Arduino Real Time

January 14, 2014

I was interested in NilRTOS since it is quite small and the installation was simple.

Many tasks that you handle with a small microcontroller don’t require an operating system. However, as the definition of “small” keeps getting bigger, it is getting more tempting to do projects where you can benefit from some help with things like multitasking and concurrency management. Besides, as small gets bigger, you also get more processing power that you can afford a little overhead to make life easier.

Look at the Arduino, just as an example. The old ATmega 8 chip had 8K words of flash and 1K of RAM. The newer versions of Arduino often use an ATmega328, which has 32K of flash and 2K of RAM. However, last time I checked, the price of an ATmega328 was actually less than an ATmega8. So if I wanted an ATmega8, I could save money by buying the larger chip and I could use 1K of RAM and 24K of flash for my operating system before I would impact what I wanted to use anyway.

I looked at this once before when I was writing LWOS, which could target several different small processors. However, there are several other Arduino-friendly RTOS choices.

A project on Google Code covers several choices including NilRTOS, ChibiOS/RT, and a FreeRTOS port. There is also the duinos port of FreeRTOS. I also found RTuinOS and I’m sure there are plenty more out there.

All of these take some setup. For example, RTuinOS uses make and has some restrictions on where you can install it. I was interested in NilRTOS since it is quite small and the installation was as simple as copying three library directories over to your Arduino libraries.

Once I did the copy, it was easy to open a few examples, including the obligatory LED blinker with two threads (one turns the LED on and the other turns it off). The download includes an HTML file with documentation.
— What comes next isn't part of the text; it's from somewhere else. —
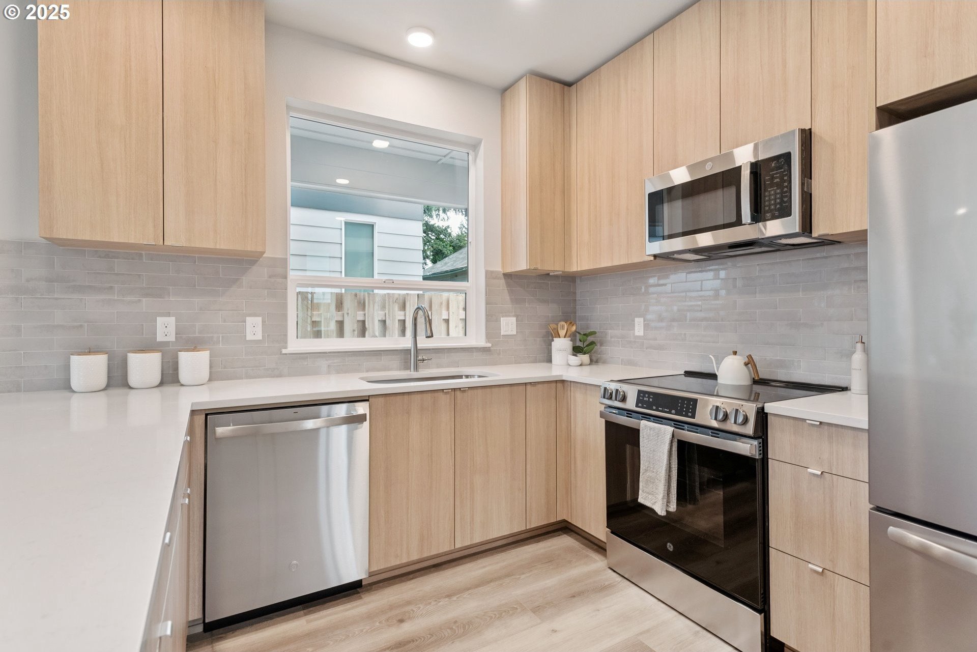 Welcome to an exceptional brand-new home thoughtfully designed, where modern sophistication meets neighborhood charm. The beautifully crafted home features three spacious bedrooms and 2 1/2 bathrooms, including a luxurious primary bedroom with ensuite bathroom on the upper level. The expansive open-concept main floor maximizes space and light, while the gourmet kitchen showcases premium quartz countertops and stainless-steel appliances. Enjoy morning coffee on the covered front porch with warm southern exposure. Step out to the commons area turf to enjoy a perfect outdoor area for yard games, entertaining, and year-round enjoyment. Nestled on a peaceful street near historic Woodstock, you'll enjoy the perfect blend of tranquil living with urban accessibility - just moments from local shops, cafes, parks, and schools. Located just blocks from the newly renovated and beautifully designed Mt. Scott Community Center, residents have easy access to exceptional recreation amenities. For availability, pricing, plans and more info visit the Rose City Commons PDX website. [Home Energy Score = 9. HES Report at https://rpt.greenbuildingregistry.com/hes/OR10241878]

Since it is such a simple system, there isn’t much to learn.

Here’s a semaphore define:


// Declare a semaphore with an inital counter value of zero.
SEMAPHORE_DECL(sem, 0);

Here’s the code to set a semaphore:

   nilSemSignal(&sem);

And, of course, to test a semaphore:

  nilSemWait(&sem);

You do need to set up an initial stack for each thread:

NIL_WORKING_AREA(waThread1, 128);

The thread functions are declared via a macro and there is a static thread table (very similar to lwos). The examples cover using serial I/O, I2C, analog, and more. For a low overhead system, it seems pretty robust.

Are you using an operating system for small projects or just programming to the metal? If you aren’t, how long do you think you can hold out?